Provided data below:
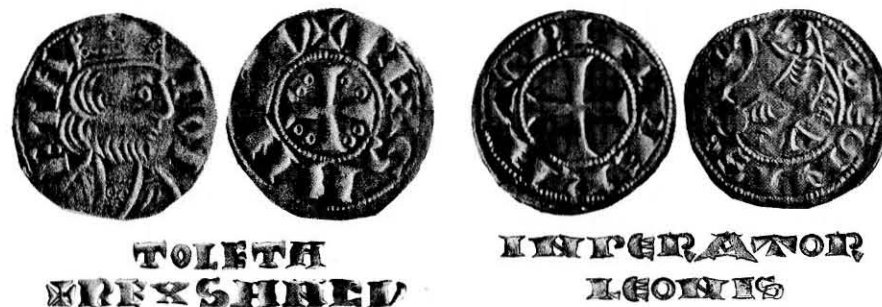
Fig. 5. Kongeriget Kastilien, Sancho III (1157-1158), penning, Toledo? 1157-august 1158. Legeret sølv. Vægt 0,94 g, diameter 18 mm. Forsideindskrift: TOLETH REX SANCII. Bagsideindskrift: + REX SANCI. Oversættelse: Toledo (i flertal), Kong Sancho. 6 eksemplarer kendt. Samling León España. 1,5:1.
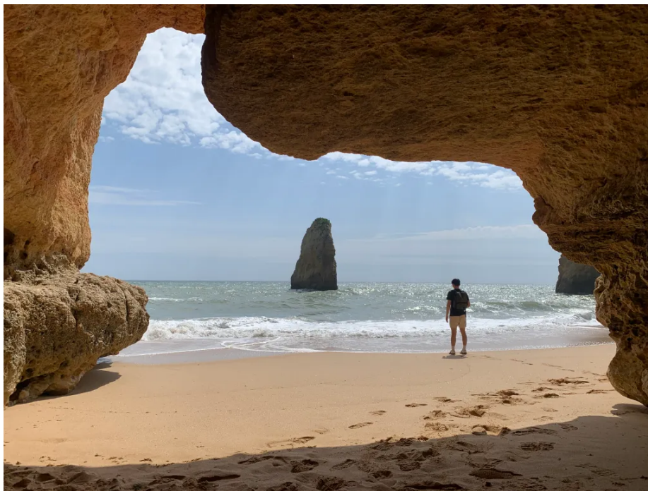
卡沃埃罗角附近卡瓦略海滩的洞穴

要说多纳安娜海滩周边的悬崖已经够震撼了，那马里尼亚海滩这一带只能说有过之而无不及。从海滩走到卡沃埃罗角的小路很轻松，一路能看到不少海滩、石拱、洞穴和天坑。要是在阿尔加维只能挑一天出来走，那就走这条路。
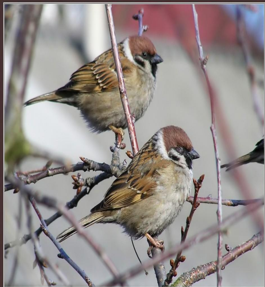
Воробьи полевые ( Passer montanus ) ♂ ♂
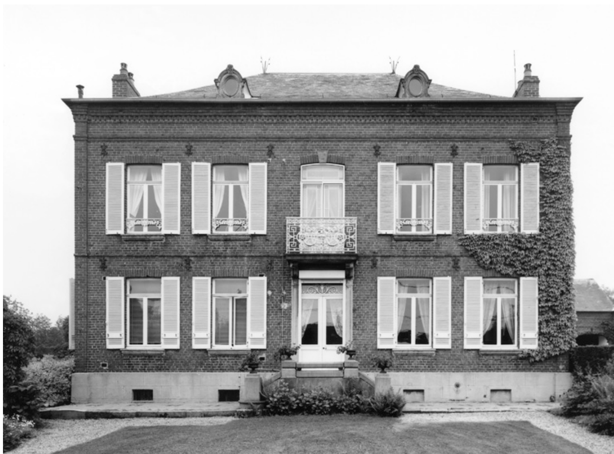
Barzy-en-Thiérache, ferme (étudiée), 13 Grande-Rue.
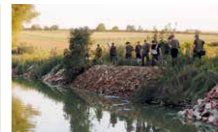
Rozostavovanie strelcov – poľovníkov na rybníkoch

Tak isto aj nám sa rozbieha hlavná poľovnícka sezóna, ktorú otvárame tradičnou spoločnou poľovačkou na kačicu divú na našich rybníkoch. Už aj tu možno konštatovať, že hlavným cieľom ani tak nie je samotný lov, ako stretnutie so svojimi kamarátmi a známymi, možnosť chvíľu sa zastaviť, po debatovať a zašpásovať. Je to spoločenská udalosť pri dobrom poľovníckom guláši a každému jednému z nás, ale hlavne našim priateľom sa veľmi ráta dobrá atmosféra
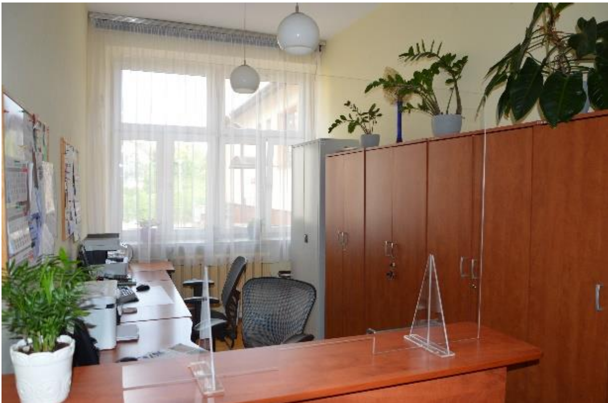
Administracja w środku
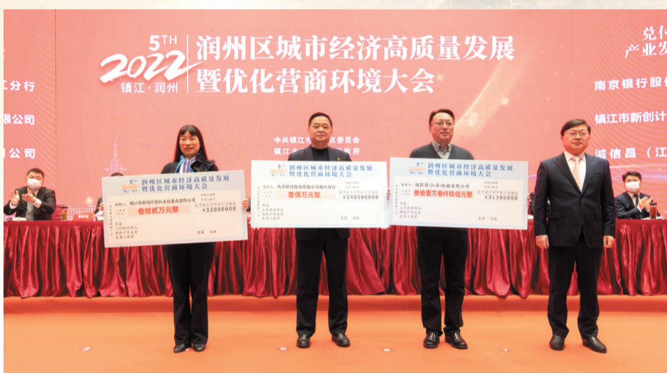
润州城市经济高质量发展暨优化营商环境大会

牛年有牛绩，虎年扬虎威。2022年是党的二十大召开的喜庆之年，也是润州加快构建“双轮驱动”新格局，纵深打造现代城市经济体系的关键一年。站在现代化建设的新起点上，润州将坚决践行“争当表率、争做示范、走在前列”光荣使命，聚精会神引项目、盯项目、推项目，把项目建设作为全年经济工作的第一要务，以“全链条”思维破解“痛难堵”问题，全面掀起大抓项目、大干项目的虎虎生威势，为现代化一流主城区建设赋能增势、增光添彩。
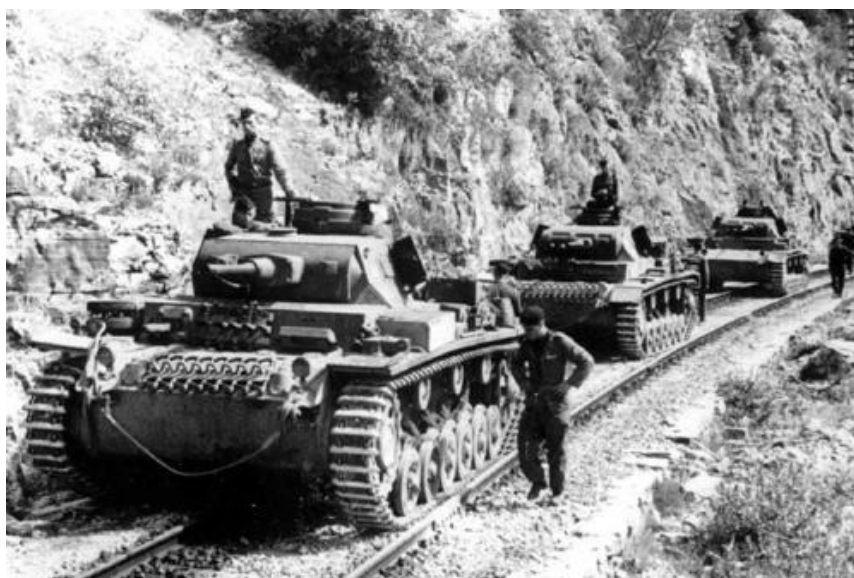
Немецкие танки продвигаются вперед вдоль железной дороги

Форт Эхинос в Тракии капитулировал 8 апреля, но другие форты Линии Метаксаса продолжали сражаться. Угроза Салоникам в тот день быстро становилась все более очевидной на фоне стремительного продвижения немецкой 2-й Танковой Дивизии (13-й Корпус) в районе Дойрана. Атака панцеров прорвала слабую оборону греческой 19-й Дивизии, и это оказалось важнейшим моментом всей кампании. Экипажи легких танков британского 4-го Полка Гусар (1-я Бронетанковая Бригада), действовавшие к западу от реки Аксиос, взорвали дорожное полотно и железнодорожные мосты через реку и, по приказу Уилсона, отступили через горные проходы Эдхесса и Верия к Козани. Здесь они присоединились к силам, создающим заслон в районе горного прохода Веви .
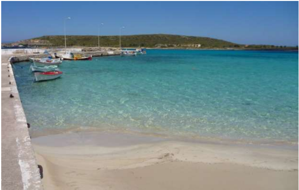
6 - La spiaggia a ridosso del porticciolo pescatori.
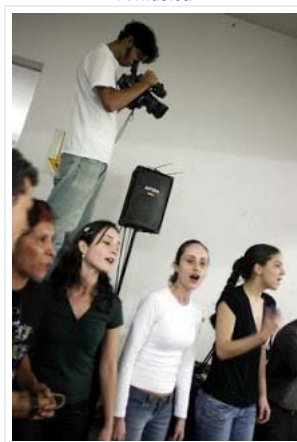
E o pessoal do cinema registrando tudo!

Provocação de: Movimento Livre Santo André às 15:28 Marcadores: Ato Público , Movimento Livre SA
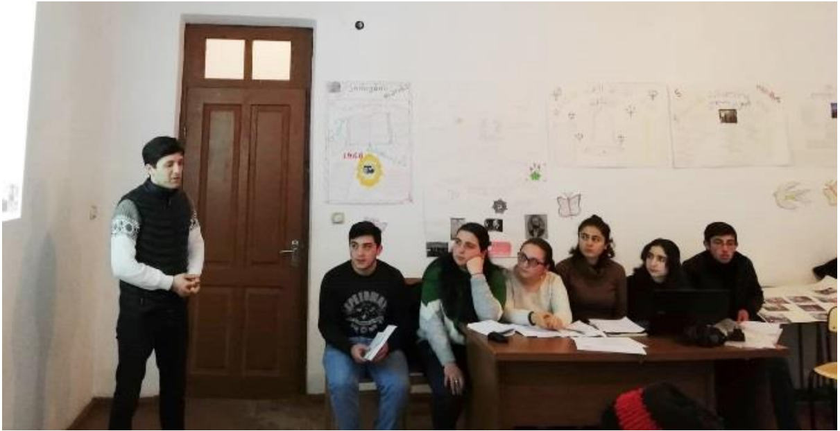
სურათი 1: მინი ლექცია მოსწავლეების საჭიროებების გათვალისწინებით
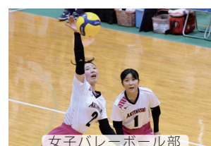
女子バレーボール部
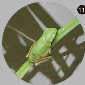
ニホンアマガエル

観察会で一番多くみられたカエルです。オタマジャクシから変態途中の個体もみられました。
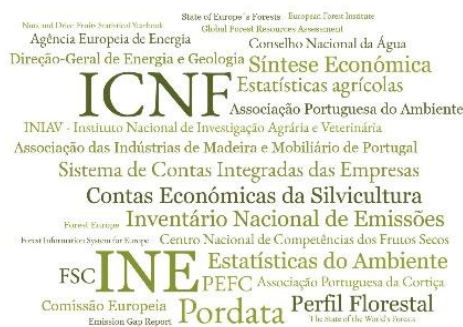
Figura 4. Exemplos de fontes usadas nos artigos do Menu Valorizar.
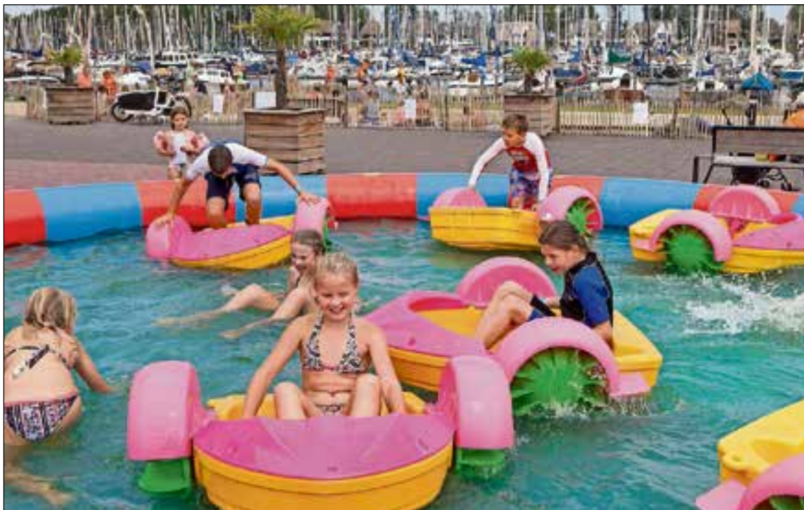
■ Bootje varen.
End of Provided data.
- [Work to complete]: The data above holds the lines to copy: start at the one with "牛年有牛绩，虎年扬虎威。20", stop at the one with "Немецкие танки продвигаются", include both, copy them exactly without pictures, and copy nothing else.

- [Response to this task]:
牛年有牛绩，虎年扬虎威。2022年是党的二十大召开的喜庆之年，也是润州加快构建“双轮驱动”新格局，纵深打造现代城市经济体系的关键一年。站在现代化建设的新起点上，润州将坚决践行“争当表率、争做示范、走在前列”光荣使命，聚精会神引项目、盯项目、推项目，把项目建设作为全年经济工作的第一要务，以“全链条”思维破解“痛难堵”问题，全面掀起大抓项目、大干项目的虎虎生威势，为现代化一流主城区建设赋能增势、增光添彩。
Немецкие танки продвигаются вперед вдоль железной дороги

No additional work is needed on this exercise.